Exercise inputs START
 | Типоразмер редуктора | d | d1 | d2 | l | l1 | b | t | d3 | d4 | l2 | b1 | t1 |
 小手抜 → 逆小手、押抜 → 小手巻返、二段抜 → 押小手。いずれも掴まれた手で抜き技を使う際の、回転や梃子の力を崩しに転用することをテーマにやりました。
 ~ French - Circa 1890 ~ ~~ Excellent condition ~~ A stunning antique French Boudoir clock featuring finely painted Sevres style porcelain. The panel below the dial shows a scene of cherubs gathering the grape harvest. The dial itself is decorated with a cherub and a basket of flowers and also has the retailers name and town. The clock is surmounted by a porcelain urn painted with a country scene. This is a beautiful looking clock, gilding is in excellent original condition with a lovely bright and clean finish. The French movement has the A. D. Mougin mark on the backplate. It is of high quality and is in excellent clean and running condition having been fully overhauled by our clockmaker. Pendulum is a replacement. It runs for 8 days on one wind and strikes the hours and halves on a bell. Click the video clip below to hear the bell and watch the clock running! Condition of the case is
Exercise inputs END
Exercise inputs START
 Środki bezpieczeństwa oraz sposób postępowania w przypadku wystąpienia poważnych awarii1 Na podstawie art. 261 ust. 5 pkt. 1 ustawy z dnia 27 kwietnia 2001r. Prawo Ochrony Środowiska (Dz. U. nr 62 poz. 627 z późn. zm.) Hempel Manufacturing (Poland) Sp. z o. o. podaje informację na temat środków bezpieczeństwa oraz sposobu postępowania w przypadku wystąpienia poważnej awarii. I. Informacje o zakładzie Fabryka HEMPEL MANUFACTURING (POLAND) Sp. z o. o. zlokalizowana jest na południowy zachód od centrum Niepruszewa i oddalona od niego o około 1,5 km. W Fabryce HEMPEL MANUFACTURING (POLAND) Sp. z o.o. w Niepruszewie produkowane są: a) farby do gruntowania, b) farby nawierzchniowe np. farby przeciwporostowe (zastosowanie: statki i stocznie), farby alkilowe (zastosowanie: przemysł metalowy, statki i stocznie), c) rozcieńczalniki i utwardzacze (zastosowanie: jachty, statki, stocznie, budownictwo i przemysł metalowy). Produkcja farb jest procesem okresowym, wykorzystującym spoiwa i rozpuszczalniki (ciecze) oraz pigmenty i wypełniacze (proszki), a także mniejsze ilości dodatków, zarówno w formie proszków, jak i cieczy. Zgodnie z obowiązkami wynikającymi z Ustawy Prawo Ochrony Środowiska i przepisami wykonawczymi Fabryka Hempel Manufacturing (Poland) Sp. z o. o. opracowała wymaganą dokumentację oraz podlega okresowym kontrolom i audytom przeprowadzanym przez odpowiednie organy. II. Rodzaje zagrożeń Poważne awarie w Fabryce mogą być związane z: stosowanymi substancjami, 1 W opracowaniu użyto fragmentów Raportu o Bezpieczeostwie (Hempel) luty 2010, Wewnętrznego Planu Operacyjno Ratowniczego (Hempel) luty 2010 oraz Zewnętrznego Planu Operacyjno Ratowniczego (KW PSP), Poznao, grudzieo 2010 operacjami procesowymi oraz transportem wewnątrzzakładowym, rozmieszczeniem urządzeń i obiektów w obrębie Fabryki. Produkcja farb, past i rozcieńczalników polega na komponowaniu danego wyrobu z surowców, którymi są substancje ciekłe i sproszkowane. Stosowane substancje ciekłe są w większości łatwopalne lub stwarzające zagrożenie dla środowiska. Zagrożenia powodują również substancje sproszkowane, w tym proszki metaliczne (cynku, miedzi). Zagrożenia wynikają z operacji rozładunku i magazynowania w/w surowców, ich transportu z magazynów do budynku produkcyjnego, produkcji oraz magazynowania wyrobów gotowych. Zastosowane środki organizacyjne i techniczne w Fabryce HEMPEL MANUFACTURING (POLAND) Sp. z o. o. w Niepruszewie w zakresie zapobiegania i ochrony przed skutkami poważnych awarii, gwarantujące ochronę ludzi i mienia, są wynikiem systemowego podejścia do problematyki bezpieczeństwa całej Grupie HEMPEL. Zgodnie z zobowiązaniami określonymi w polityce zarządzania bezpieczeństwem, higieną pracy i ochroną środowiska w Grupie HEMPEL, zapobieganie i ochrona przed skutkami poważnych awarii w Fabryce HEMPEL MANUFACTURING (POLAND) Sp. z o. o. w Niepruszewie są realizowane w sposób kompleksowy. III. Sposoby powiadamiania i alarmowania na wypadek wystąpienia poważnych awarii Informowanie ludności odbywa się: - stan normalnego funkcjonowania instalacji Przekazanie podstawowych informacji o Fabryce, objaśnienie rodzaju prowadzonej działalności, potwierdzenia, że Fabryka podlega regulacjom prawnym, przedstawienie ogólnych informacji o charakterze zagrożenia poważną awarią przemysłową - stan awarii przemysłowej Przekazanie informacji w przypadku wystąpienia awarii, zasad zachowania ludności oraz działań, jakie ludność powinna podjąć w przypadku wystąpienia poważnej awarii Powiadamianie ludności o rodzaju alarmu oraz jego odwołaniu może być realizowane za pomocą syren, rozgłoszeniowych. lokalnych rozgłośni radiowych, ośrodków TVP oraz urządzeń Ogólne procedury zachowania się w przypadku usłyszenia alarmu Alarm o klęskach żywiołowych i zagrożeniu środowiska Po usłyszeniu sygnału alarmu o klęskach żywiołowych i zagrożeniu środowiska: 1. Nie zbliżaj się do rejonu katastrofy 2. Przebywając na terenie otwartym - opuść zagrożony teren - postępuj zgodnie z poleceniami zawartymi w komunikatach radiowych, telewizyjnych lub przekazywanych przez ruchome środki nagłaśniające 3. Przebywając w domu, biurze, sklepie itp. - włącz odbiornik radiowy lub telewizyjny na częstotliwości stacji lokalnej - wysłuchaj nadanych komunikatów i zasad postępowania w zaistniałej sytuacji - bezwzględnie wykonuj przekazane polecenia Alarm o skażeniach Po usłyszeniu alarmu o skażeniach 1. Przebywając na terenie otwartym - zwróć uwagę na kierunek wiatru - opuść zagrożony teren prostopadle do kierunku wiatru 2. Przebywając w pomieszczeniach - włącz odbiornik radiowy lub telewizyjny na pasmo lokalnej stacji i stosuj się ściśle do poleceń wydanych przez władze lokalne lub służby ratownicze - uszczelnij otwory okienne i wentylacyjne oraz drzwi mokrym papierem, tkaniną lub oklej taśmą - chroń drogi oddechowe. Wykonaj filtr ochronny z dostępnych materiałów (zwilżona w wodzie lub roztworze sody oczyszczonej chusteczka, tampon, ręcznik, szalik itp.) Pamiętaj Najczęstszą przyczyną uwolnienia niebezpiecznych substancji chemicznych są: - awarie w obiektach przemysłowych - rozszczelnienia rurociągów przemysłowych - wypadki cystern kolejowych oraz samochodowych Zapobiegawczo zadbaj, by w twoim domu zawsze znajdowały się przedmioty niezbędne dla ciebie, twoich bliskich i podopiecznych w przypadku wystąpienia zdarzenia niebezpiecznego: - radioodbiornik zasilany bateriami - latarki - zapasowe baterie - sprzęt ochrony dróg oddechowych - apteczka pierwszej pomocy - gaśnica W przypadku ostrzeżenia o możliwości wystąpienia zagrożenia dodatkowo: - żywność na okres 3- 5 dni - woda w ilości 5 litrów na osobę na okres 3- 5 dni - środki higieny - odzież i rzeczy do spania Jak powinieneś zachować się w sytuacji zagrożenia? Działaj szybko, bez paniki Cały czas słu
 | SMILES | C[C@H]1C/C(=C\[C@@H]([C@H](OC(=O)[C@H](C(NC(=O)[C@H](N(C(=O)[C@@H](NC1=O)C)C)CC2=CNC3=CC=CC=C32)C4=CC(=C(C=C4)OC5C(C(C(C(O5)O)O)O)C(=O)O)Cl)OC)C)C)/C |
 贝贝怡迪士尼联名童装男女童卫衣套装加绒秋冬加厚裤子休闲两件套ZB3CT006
Exercise inputs END
• The task: Among the records above, repeat exactly the line with "l2 | b1 | t1 |", the line with "the case is", and every line in between, and only those.

• Answer to this problem:
 | Типоразмер редуктора | d | d1 | d2 | l | l1 | b | t | d3 | d4 | l2 | b1 | t1 |
 小手抜 → 逆小手、押抜 → 小手巻返、二段抜 → 押小手。いずれも掴まれた手で抜き技を使う際の、回転や梃子の力を崩しに転用することをテーマにやりました。
 ~ French - Circa 1890 ~ ~~ Excellent condition ~~ A stunning antique French Boudoir clock featuring finely painted Sevres style porcelain. The panel below the dial shows a scene of cherubs gathering the grape harvest. The dial itself is decorated with a cherub and a basket of flowers and also has the retailers name and town. The clock is surmounted by a porcelain urn painted with a country scene. This is a beautiful looking clock, gilding is in excellent original condition with a lovely bright and clean finish. The French movement has the A. D. Mougin mark on the backplate. It is of high quality and is in excellent clean and running condition having been fully overhauled by our clockmaker. Pendulum is a replacement. It runs for 8 days on one wind and strikes the hours and halves on a bell. Click the video clip below to hear the bell and watch the clock running! Condition of the case is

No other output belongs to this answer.